What a woman! Makes my old heart pound just to think about her. Beautiful brown and white hair, big eyes, nose that tapers down to a point (not quite as good as mine, but so what?), and nice ears that flap when she runs. Only trouble is that she’s crazy about a spotted bird dog, without a doubt the ugliest, dumbest, worthlessest cur I ever met. What could be uglier than a spotted short-haired dog with a long skinny tail? And what could be dumber or more worthless than a dog that goes around chasing birds?

They call him Plato. I don’t know why, except maybe because his eyes look like plates half the time, empty plates. He don’t know a cow from a sow, but do you think that makes him humble? No sir. He thinks that bird-chasing is hot stuff. What really hurts, though, is that Beulah seems to agree. Don’t understand that woman, but I dream about her a lot. Anyway, where was I? Under the gas tanks, catching up on my sleep.
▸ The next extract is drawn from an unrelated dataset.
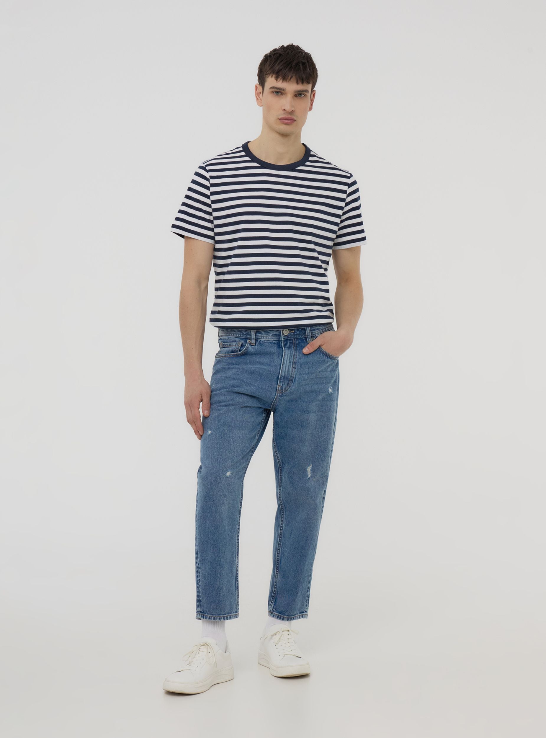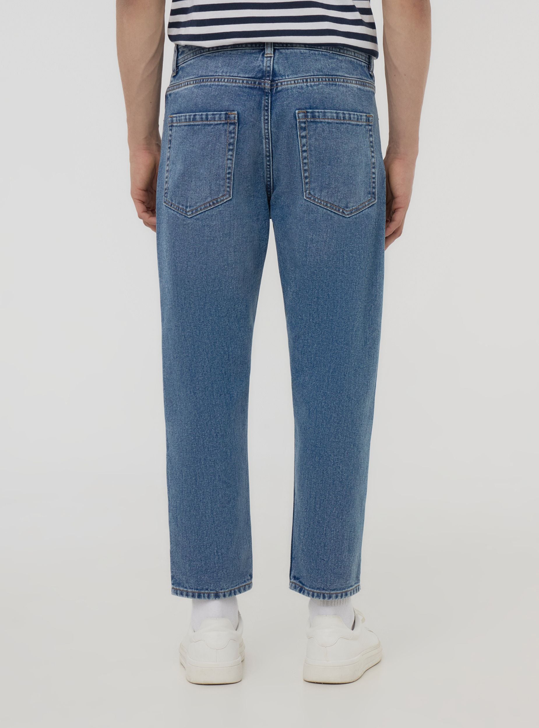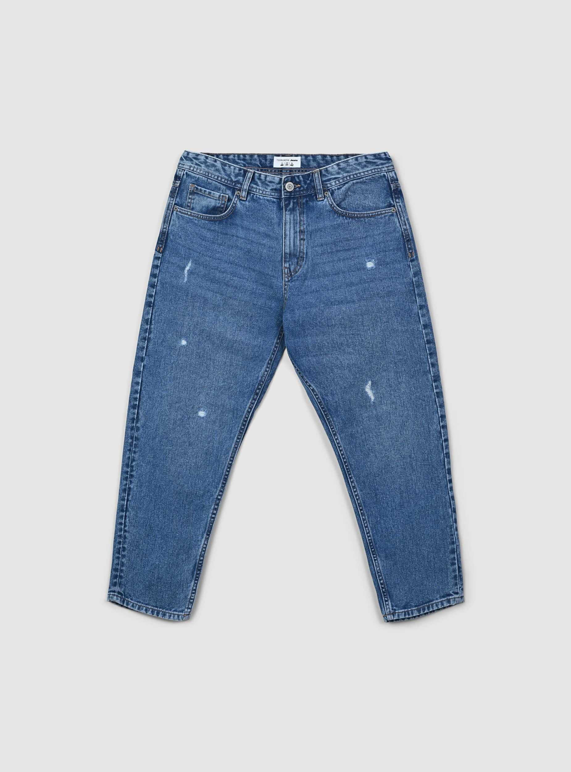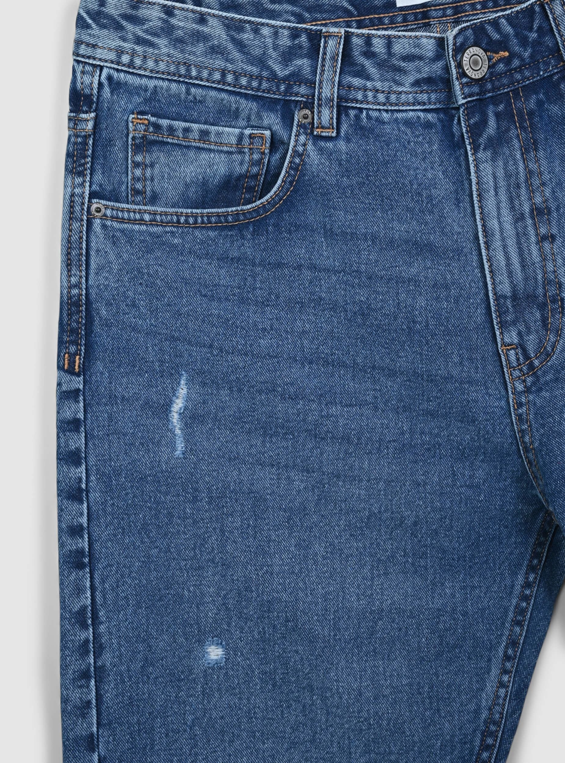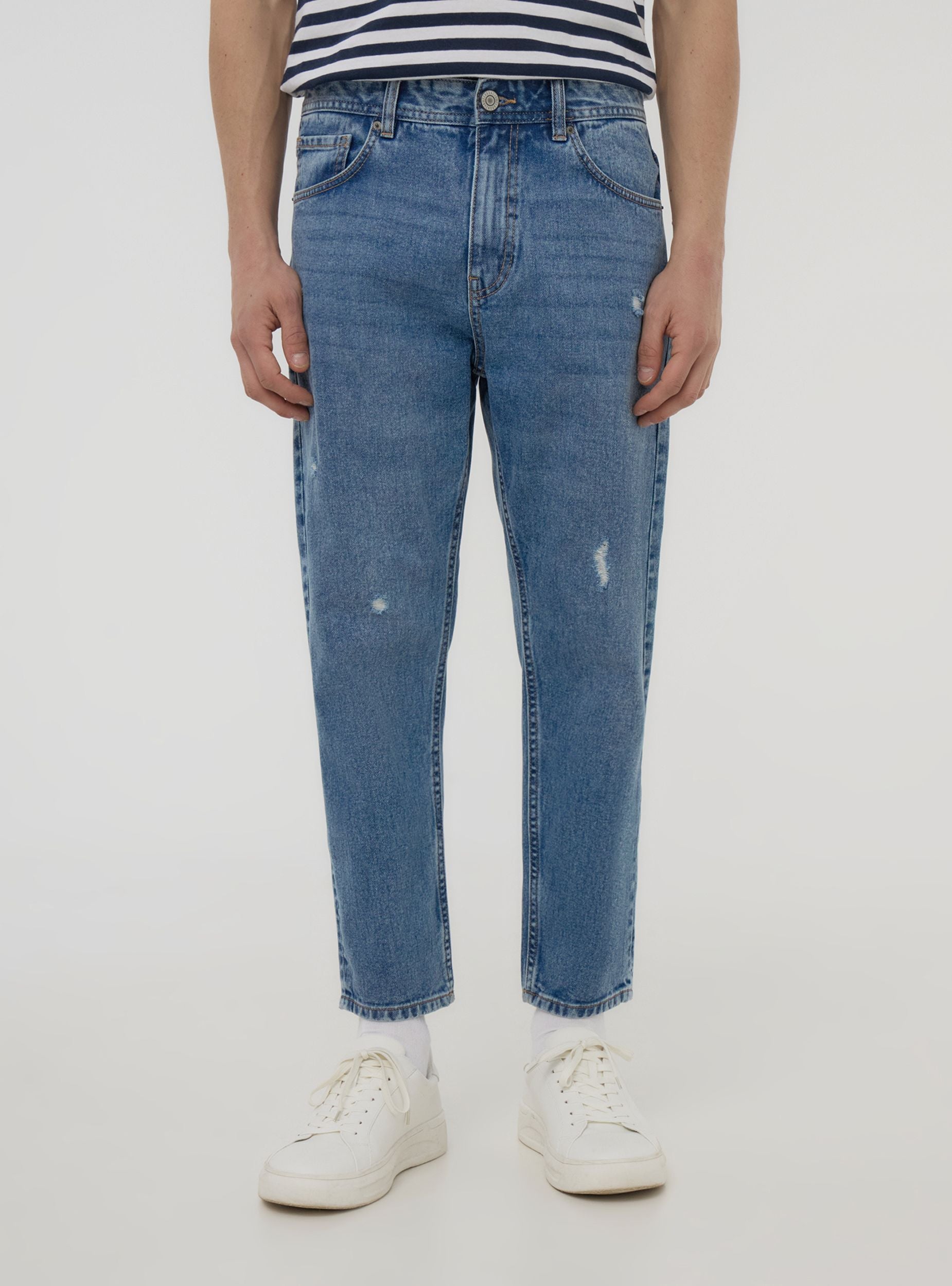 Herren Jeans im Loose-Fit-Schnitt, perfekt für einen lässigen und modernen Look. Sie zeichnen sich durch eine mittelblaue Denim-Waschung und kleine Risse aus, die einen rockigen Touch verleihen. Sie bieten Komfort und Praktikabilität dank der Gürtelschlaufen, dem Knopf- und Reißverschluss sowie den fünf funktionalen Taschen. Ideal in Kombination mit T-Shirts und Sneakers für die Freizeit oder mit einem Hemd und Mokassins für ein urbanes und entspanntes Outfit. Geeignet für informelle Anlässe.Details

All at once Drover was right there beside me, jumping up and down and giving off that high-pitched squeal of his that kind of bores into your eardrums. You can’t ignore him when he does that.

Well, I throwed open one eye, kept the other one shut so that I could get some halfway sleep. "Will you please shut up?" "Hank, oh Hankie, it’s just terrible, you wouldn’t believe, hurry and wake up, I seen his tracks down on the creek, get up before he escapes!" I throwed open the other eye, pushed myself up, and went nose-to-nose with the noisemaker. "Quit hopping around. Quit making all that racket. Hold still and state your business." "Okay Hank, all right, I’ll try." He tried and was none too successful, but he did get the message across. "Oh Hank, there’s been a killing, right here on the ranch, and we slept through it!" "Huh?" I was coming awake by then, and the word killing sent a jolt clean out to the end of my tail. "Who’s been killed?" "They hit the chickenhouse, Hank. I don’t know how they got in but they did, busted in there and killed one of those big leghorn hens, killed her dead, Hank, and oh, the blood!" Well, that settled it. I had no choice but to go back on duty. A lot of dogs would have just turned over and gone back to sleep, but I take this stuff pretty serious.

We trotted up to the chickenhouse, and Drover kept jumping up and down and talking. "I found some tracks down by the creek. I’m sure they belong to the killer, Hank, I’m just sure they do." "What kind of tracks?" "Coyote." "Hmm." We reached the chickenhouse and, sure enough, there was the hen lying on the ground, and she was still dead. I walked around the body, sniffing it good and checking the signs. I noticed the position of the body and memorized every detail. The hen was lying on her left side, pointing toward the northeast, with one foot out and the other one curled up under her wing. Her mouth was open and it appeared to me that she had lost some tail feathers. "Uh-huh, I’m beginning to see the pattern." "What, tell me, Hank, who done it?" "Not yet. Where’d you see them tracks?" There weren’t any tracks around the corpse, ground was too hard. Drover took off in a run and I followed him down into the brush along the creek.

He stopped and pointed to some fresh tracks in the mud. "There they are, Hank, just where I found them. Are you proud of me?" I pushed him aside and studied the sign, looked it over real careful, sniffed it, gave it the full treatment. Then I raised up.